LP: I hope to be talking to Jim Hall of the Free DOS project in the very near future and I looked at FreeDOS 1.3 in The Register last year. And it was very interesting to boot it in a virtual machine and see DOS recognize that it was in a virtual machine, install the driver for the VM's network card, and acquire an IP address. This is not something MS DOS used to do!

But one of the big problems the Free DOS people face is: DOS needs to talk to a BIOS, and if a computer doesn't have a BIOS, you simply cannot boot DOS on it or if you can boot it, it's then effectively like in a box – it can't talk to the display, disk.... anything. So this is something that they are looking at and experimenting with but there is no good answer for this. But that could be a quite a valuable goal actually.

People are still, you know, if you have hardware out there that absolutely requires to talk to, say, an ISO slot adapter, a VM is not going to help you here. Because, you know, if this hardware is accessed through the PC BIOS, then the VM has its own BIOS which can't see that hardware in it.

LR: Correct. Correct.

LP: So, in a way, it's almost – correct me if I'm wrong – it's almost kind of accidental that this is a product that is actually also available to the public and to hobbyists who are interested in it. That's not your primary focus, am I right?

LR: Um, well, while there are factions in management who would flip that around on the other side of the coin, I don't think when we got into developing Arca OS we were really thinking about what our real target market was going to be. But early in the process, we were contacted by a large company about doing some consulting for them. And that's sort of shifted the thinking of a couple of us at least, so it's sort of a 50/50 thing.

I mean, the important thing to remember – and sometimes we get criticized for this – that people think that we, we focus too much on our enterprise customers at the expense of our smaller home users. That's not really the case.
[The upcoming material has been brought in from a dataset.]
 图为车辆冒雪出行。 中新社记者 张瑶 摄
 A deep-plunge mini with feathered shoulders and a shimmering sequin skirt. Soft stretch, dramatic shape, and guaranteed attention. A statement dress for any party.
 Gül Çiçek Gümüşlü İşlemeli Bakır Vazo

The enterprise customers get attention because they're larger and they need attention. And they drive development of new things. So if an enterprise customer came to us and said, "Look, we absolutely positively need a Bluetooth stack." We would work on developing a Bluetooth stack. Right now we don't have a Bluetooth stack because there isn't enough demand for it. So when the development is funded, you sort of focus on whoever's paying for the work.

But we don't want to minimize the impact of those individual users either. I mean, that's our real fan base. Because in the large companies, the large enterprises could really care less whether it's running toaster operating system or whatever. But the smaller users are really, a lot of them, OS/2 diehards... and they want to see the platform do more stuff, and we get excited about that too.
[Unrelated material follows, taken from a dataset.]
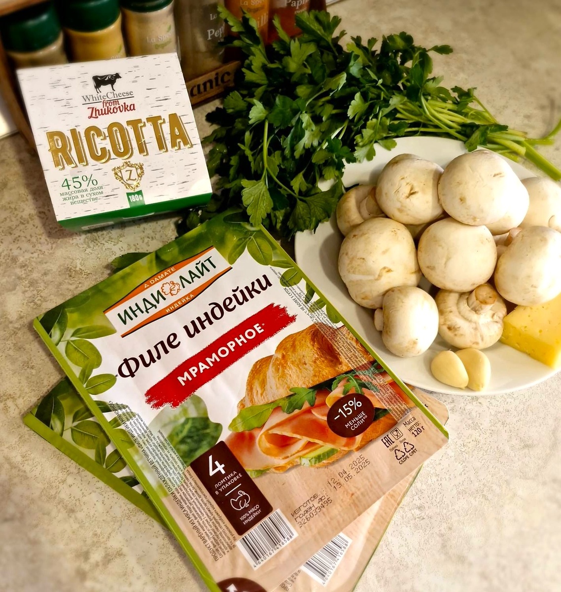 Горячая закуска - Рулетики из ветчины с грибами в духовке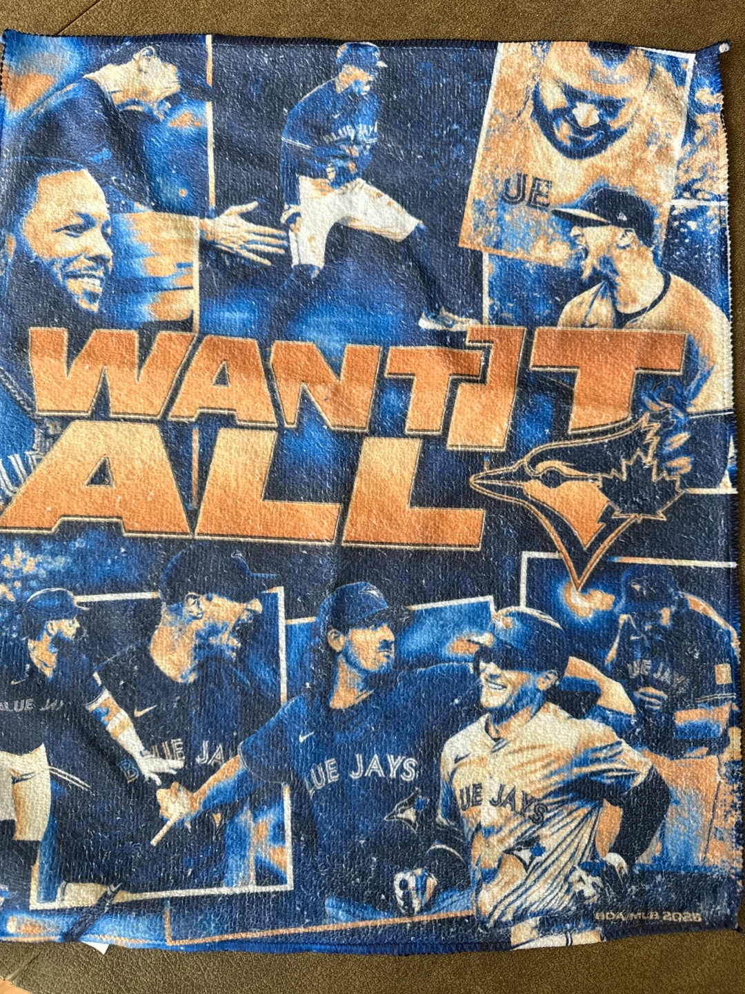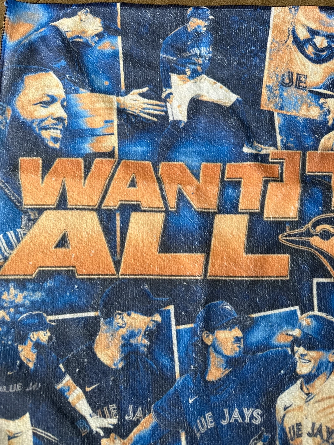 Selling a Toronto Blue Jays towel with the 'Want It All' slogan and player images. It's in excellent condition and perfect for any Jays fan Won’t last

LP: I must admit, you know, I was a keen OS/2 user then myself. I've been working in this business for a long time and even back in the late '80s, when I started, it was quite common for software companies to provide evaluation copies for companies who were looking at and evaluating their product.
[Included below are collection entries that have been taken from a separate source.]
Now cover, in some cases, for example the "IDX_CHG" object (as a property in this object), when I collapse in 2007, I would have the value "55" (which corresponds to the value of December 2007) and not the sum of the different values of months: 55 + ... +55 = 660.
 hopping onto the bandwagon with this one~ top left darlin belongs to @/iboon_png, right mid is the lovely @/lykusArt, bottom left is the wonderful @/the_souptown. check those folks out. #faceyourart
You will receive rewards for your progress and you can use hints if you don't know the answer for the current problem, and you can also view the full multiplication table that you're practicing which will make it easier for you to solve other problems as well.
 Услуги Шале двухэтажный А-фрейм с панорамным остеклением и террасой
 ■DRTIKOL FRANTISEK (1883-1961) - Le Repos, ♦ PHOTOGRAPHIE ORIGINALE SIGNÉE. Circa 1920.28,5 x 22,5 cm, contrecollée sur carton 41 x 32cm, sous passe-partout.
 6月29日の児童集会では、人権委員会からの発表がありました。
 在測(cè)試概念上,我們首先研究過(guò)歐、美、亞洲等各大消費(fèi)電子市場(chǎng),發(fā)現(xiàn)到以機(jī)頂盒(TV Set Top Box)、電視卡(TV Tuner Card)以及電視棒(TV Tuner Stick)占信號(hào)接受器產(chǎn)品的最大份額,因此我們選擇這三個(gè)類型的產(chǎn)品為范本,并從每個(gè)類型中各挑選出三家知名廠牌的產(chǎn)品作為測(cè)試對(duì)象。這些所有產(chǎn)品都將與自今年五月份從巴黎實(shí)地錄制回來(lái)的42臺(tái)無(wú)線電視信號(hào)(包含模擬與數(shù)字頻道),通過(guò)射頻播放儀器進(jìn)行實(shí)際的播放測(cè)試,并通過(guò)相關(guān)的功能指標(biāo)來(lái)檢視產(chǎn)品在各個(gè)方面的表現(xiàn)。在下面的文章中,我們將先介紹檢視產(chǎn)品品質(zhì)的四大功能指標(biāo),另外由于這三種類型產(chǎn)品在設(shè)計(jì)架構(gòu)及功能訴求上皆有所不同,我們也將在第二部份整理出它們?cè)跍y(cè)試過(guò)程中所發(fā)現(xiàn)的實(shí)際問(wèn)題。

Not IBM! And I had to go out and buy OS/2 2.0 with my own money, which was pretty unusual even then. And I loved it. I ran it on multiple machines on 386 and 486 laptops. The slogan back then was "A better DOS than DOS, a better Windows than Windows." And it really truly was. And, you know, it's a delight to me to see that this is is still around, it's still continuing, it's a powerful capable OS. Yes, it does have some limits, but what doesn't?

And I really hope that I can get a hold of 5.1 when it comes out. I would very much like to give that a write-up. I think it's, it's going to be interesting because a lot of people tend to ask, you know, "Why would I go out and spend this money on this when when my PC came with Windows?"

Well, you know, if you're happy with what you've got, this is possibly not for you. But if you're looking for something genuinely different, and, it really was. It's a glimpse of an alternate future. And I'm really delighted to see that...

LR: One of the really sort of unsung benefits of Arca OS is that unlike some other commercial operating systems, there is absolutely no phoning home during installation or during running of the operating system.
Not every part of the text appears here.